Action item
From the line containing "A black and" to the final line of the entries, copy each line exactly. Pictures stay out.

Extracted data
===============

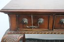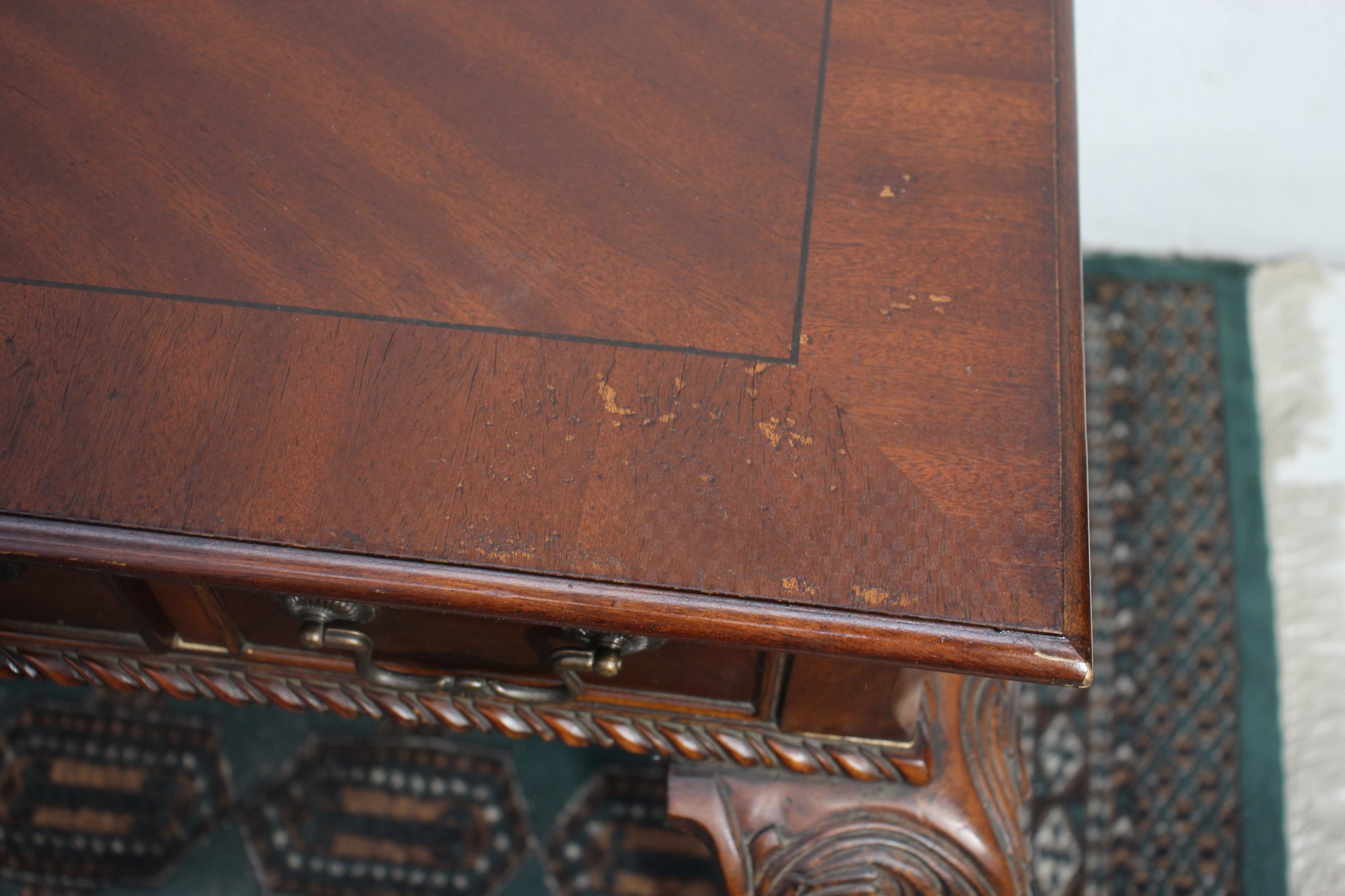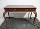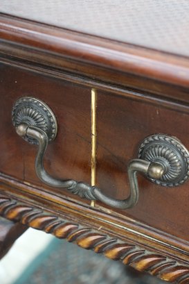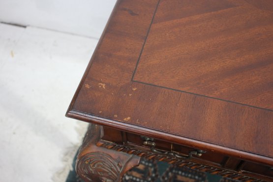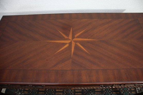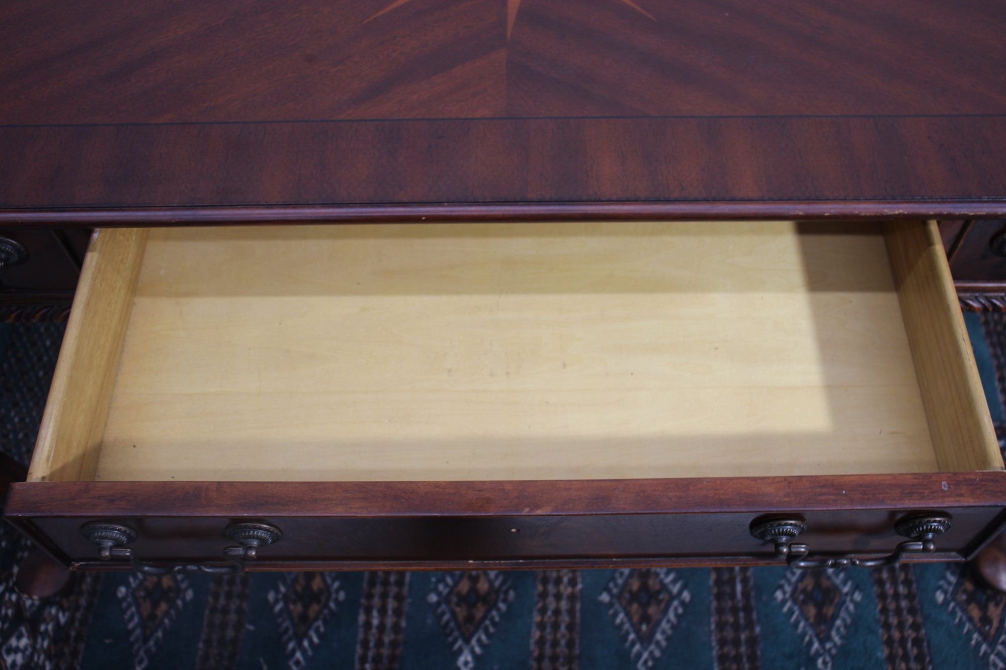 This beautiful antique mahogany writing desk features exquisite craftsmanship, including an inlaid starburst design on the top, ornate hand-carved cabriole legs, and brass hardware. A stunning piece that blends functionality with old-world elegance.
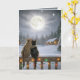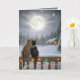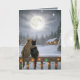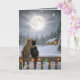A black and tabby cat cuddles on a snowy fence, surrounded by glowing, colorful lights, mesmerized by the shimmering moon
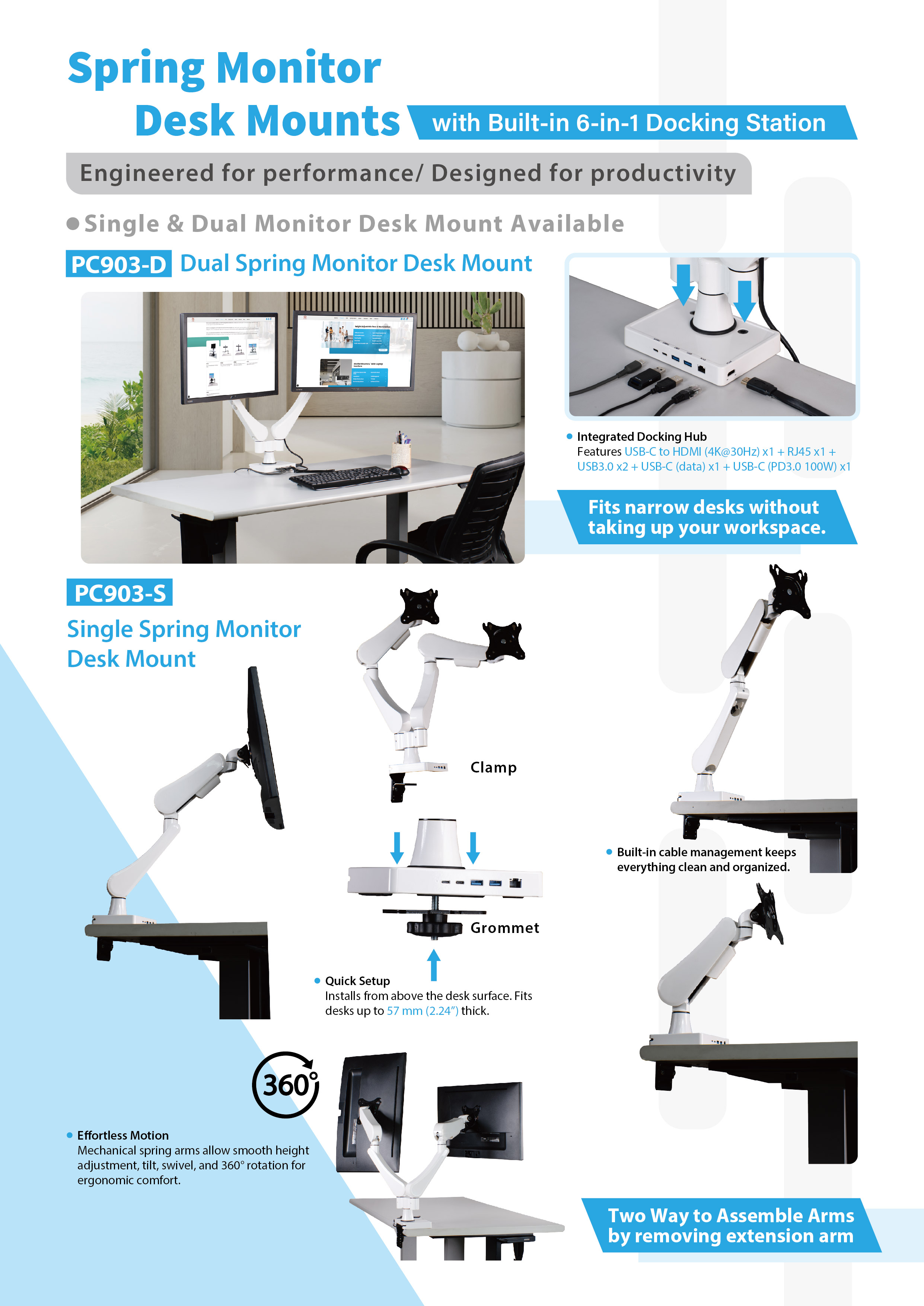 - Dual Spring Monitor Desk Mount with Build-in 6-in-1 Docking Station
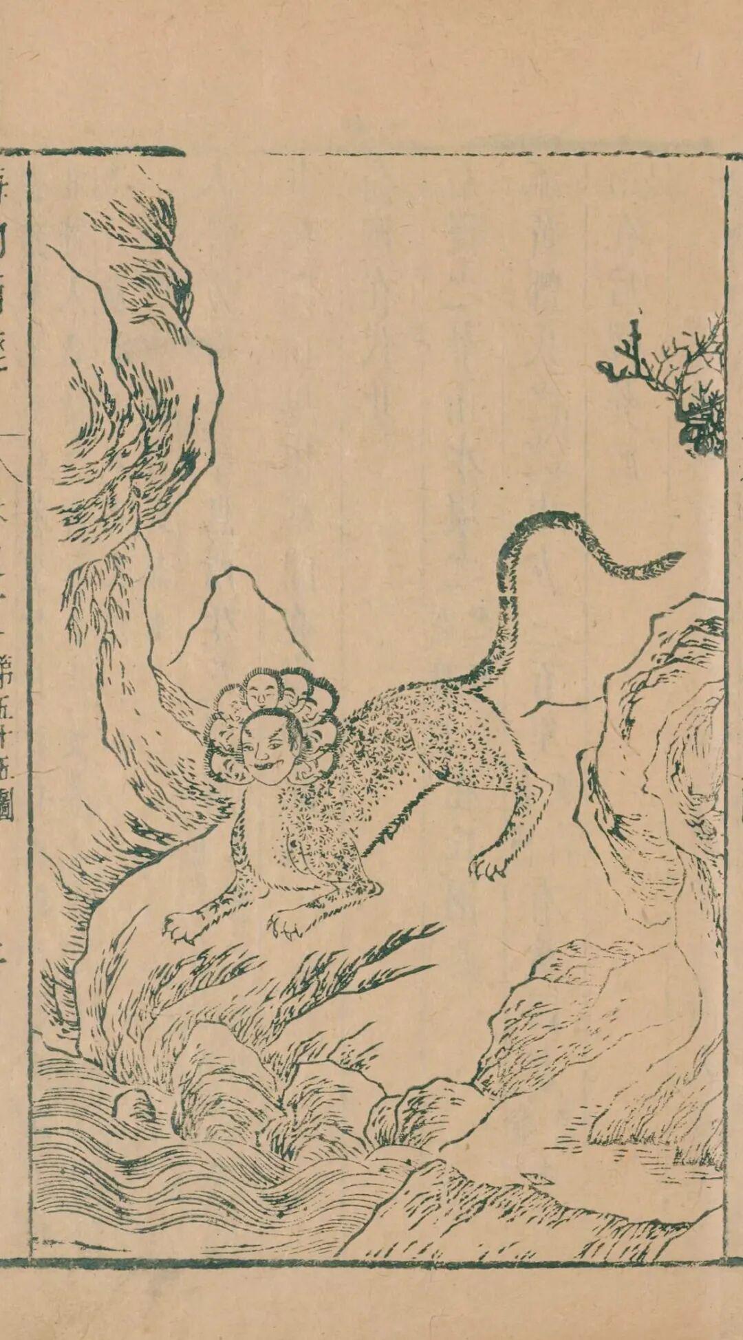 在明刊本《山海经》里,昆仑山的山石树木似乎与后来的《芥子园画谱》中的山水画并无二致,更像是从传统山水画里搬运出来的石块树枝素材,版框底部有大块的山石,一头怪兽踩在上面,再往下是滔滔流水,左侧和右侧也有悬崖耸立,还有一小部分树枝探入版框之内。三面包围的山石起到装饰点缀的作用,视觉的重心却是怪兽,昆仑山降到了配角的位置。这个怪兽名曰开明兽,是昆仑山的山神之一,日夜守护在昆仑山。郭璞《山海经图赞》:“开明天兽,禀兹金精。虎身人面,表此桀形,瞪视昆山,威慑百灵。”传说开明兽的九个脑袋分别盯着昆仑之丘的九门,只见它一颗大头居于中心,另外八颗头颅略小,环绕在大头周围,头上生出直而硬的短发,九头的面上皆有笑意,身子则是老虎的身子,布满了凌乱的毛发,利爪抓住山石,身后的长尾在空中挥舞。
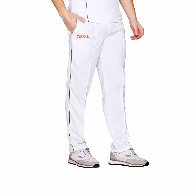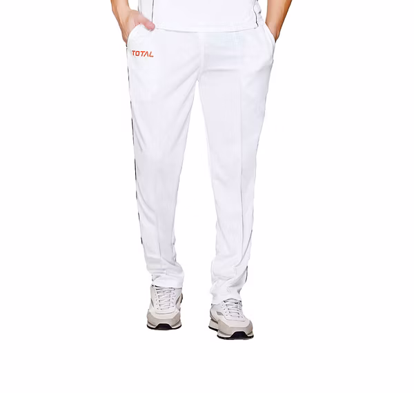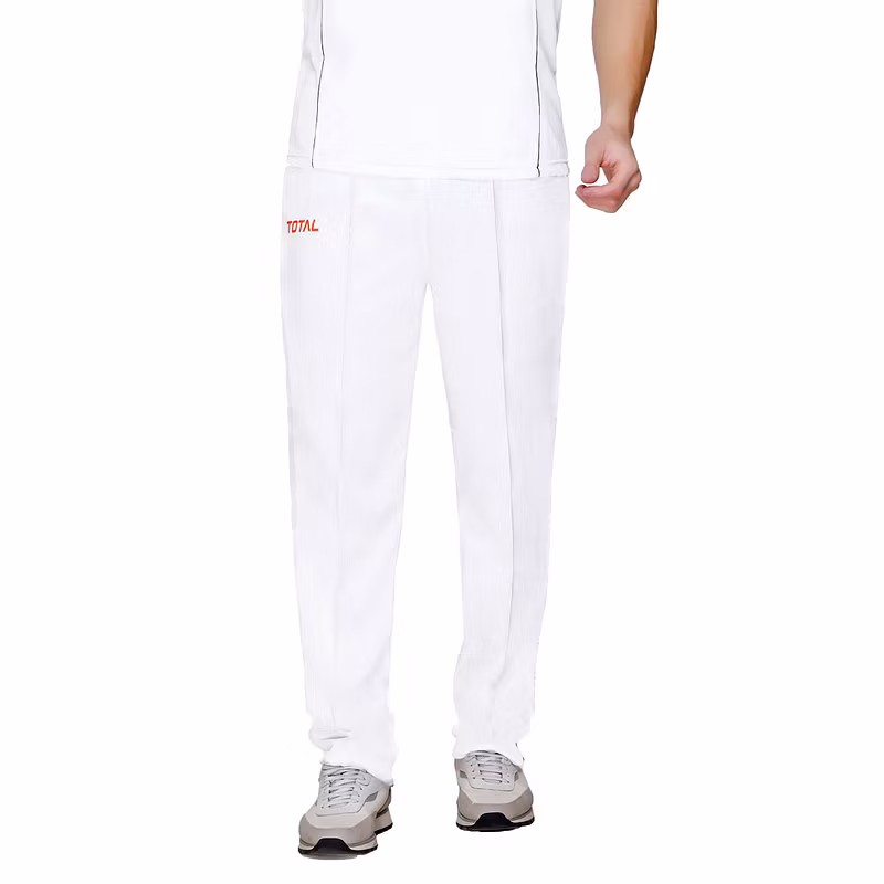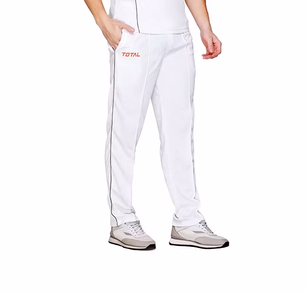 Elevate your game with the TOTAL Regular Fit Cricket Lower Pant for Men, crafted from high-quality polyester for unmatched comfort and durability. These cricket trousers are designed with a regular fit to provide optimal freedom of movement, making them ideal for both matches and practice sessions. The elastic waistband with a drawstring ensures a secure and adjustable fit, allowing you to focus on your performance without distractions. The classic white design offers a professional look, perfect for players of all levels, from beginners to advanced athletes. Lightweight and breathable, these cricket track pants keep you cool and comfortable even during the most intense matches. Versatile enough for cricket and other sports, the TOTAL Cricket Lower Pant is a must-have addition to your sportswear collection. Whether you're training, playing a match, or working out, these trousers provide the performance and style you need.

===============

Answer
A black and tabby cat cuddles on a snowy fence, surrounded by glowing, colorful lights, mesmerized by the shimmering moon
 - Dual Spring Monitor Desk Mount with Build-in 6-in-1 Docking Station
 在明刊本《山海经》里,昆仑山的山石树木似乎与后来的《芥子园画谱》中的山水画并无二致,更像是从传统山水画里搬运出来的石块树枝素材,版框底部有大块的山石,一头怪兽踩在上面,再往下是滔滔流水,左侧和右侧也有悬崖耸立,还有一小部分树枝探入版框之内。三面包围的山石起到装饰点缀的作用,视觉的重心却是怪兽,昆仑山降到了配角的位置。这个怪兽名曰开明兽,是昆仑山的山神之一,日夜守护在昆仑山。郭璞《山海经图赞》:“开明天兽,禀兹金精。虎身人面,表此桀形,瞪视昆山,威慑百灵。”传说开明兽的九个脑袋分别盯着昆仑之丘的九门,只见它一颗大头居于中心,另外八颗头颅略小,环绕在大头周围,头上生出直而硬的短发,九头的面上皆有笑意,身子则是老虎的身子,布满了凌乱的毛发,利爪抓住山石,身后的长尾在空中挥舞。
 Elevate your game with the TOTAL Regular Fit Cricket Lower Pant for Men, crafted from high-quality polyester for unmatched comfort and durability. These cricket trousers are designed with a regular fit to provide optimal freedom of movement, making them ideal for both matches and practice sessions. The elastic waistband with a drawstring ensures a secure and adjustable fit, allowing you to focus on your performance without distractions. The classic white design offers a professional look, perfect for players of all levels, from beginners to advanced athletes. Lightweight and breathable, these cricket track pants keep you cool and comfortable even during the most intense matches. Versatile enough for cricket and other sports, the TOTAL Cricket Lower Pant is a must-have addition to your sportswear collection. Whether you're training, playing a match, or working out, these trousers provide the performance and style you need.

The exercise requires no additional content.